[ENTRIES SHOWN]
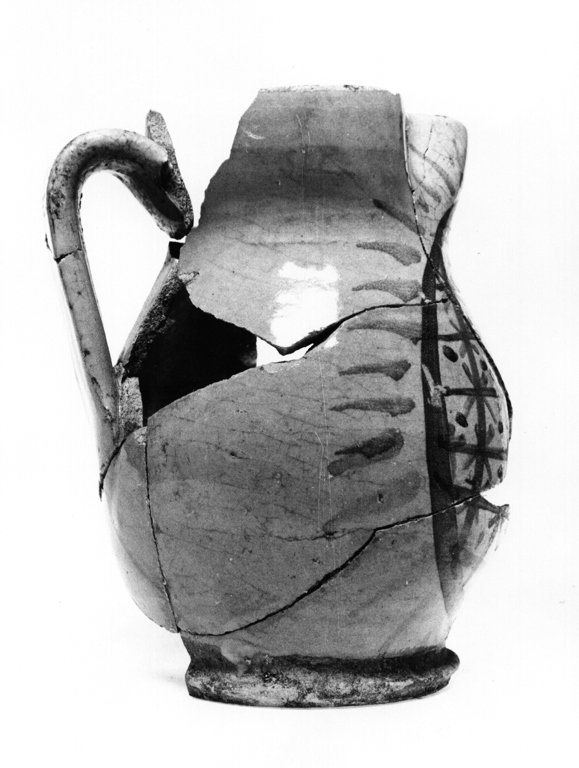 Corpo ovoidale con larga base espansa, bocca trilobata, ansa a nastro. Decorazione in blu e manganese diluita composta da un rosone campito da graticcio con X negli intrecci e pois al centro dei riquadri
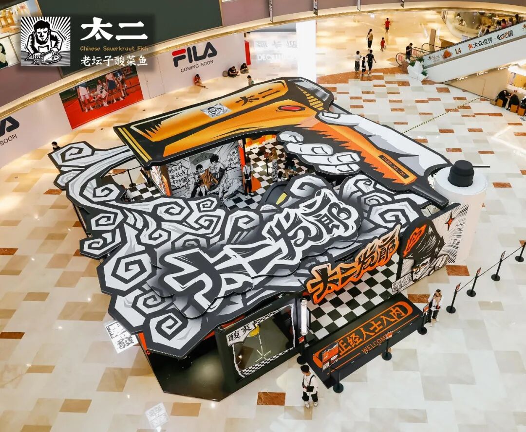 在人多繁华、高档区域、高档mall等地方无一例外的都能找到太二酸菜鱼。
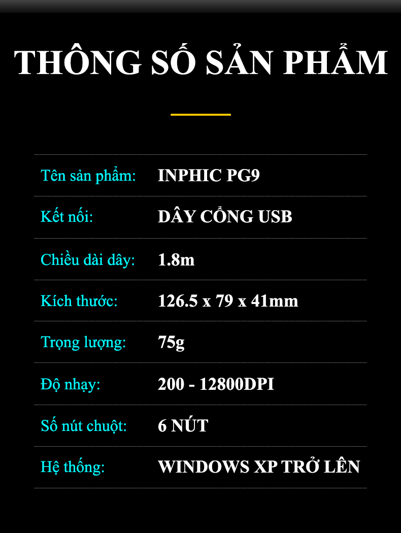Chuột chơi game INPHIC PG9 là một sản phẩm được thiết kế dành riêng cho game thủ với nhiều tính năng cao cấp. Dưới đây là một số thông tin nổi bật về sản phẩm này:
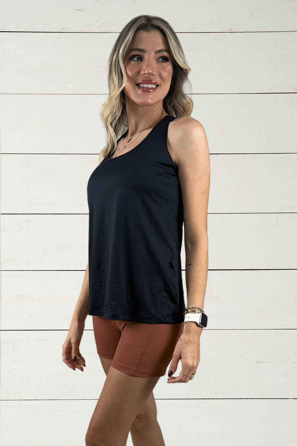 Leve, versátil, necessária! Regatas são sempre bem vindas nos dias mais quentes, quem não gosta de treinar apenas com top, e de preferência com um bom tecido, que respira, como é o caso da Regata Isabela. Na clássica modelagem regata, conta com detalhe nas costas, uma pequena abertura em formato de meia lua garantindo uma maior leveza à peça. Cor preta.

...

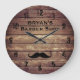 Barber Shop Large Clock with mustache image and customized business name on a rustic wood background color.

[ACTIVITY]
Although the records above contain pictures, the copy must not; set down exactly the lines from the one with "在人多繁华、高档区域、高档mall等地方无一例外的都能找到太二酸菜鱼。" up to and including the one with "Leve, versátil, necessária!".

[SOLUTION TO THIS TASK]
 在人多繁华、高档区域、高档mall等地方无一例外的都能找到太二酸菜鱼。
Chuột chơi game INPHIC PG9 là một sản phẩm được thiết kế dành riêng cho game thủ với nhiều tính năng cao cấp. Dưới đây là một số thông tin nổi bật về sản phẩm này:
 Leve, versátil, necessária! Regatas são sempre bem vindas nos dias mais quentes, quem não gosta de treinar apenas com top, e de preferência com um bom tecido, que respira, como é o caso da Regata Isabela. Na clássica modelagem regata, conta com detalhe nas costas, uma pequena abertura em formato de meia lua garantindo uma maior leveza à peça. Cor preta.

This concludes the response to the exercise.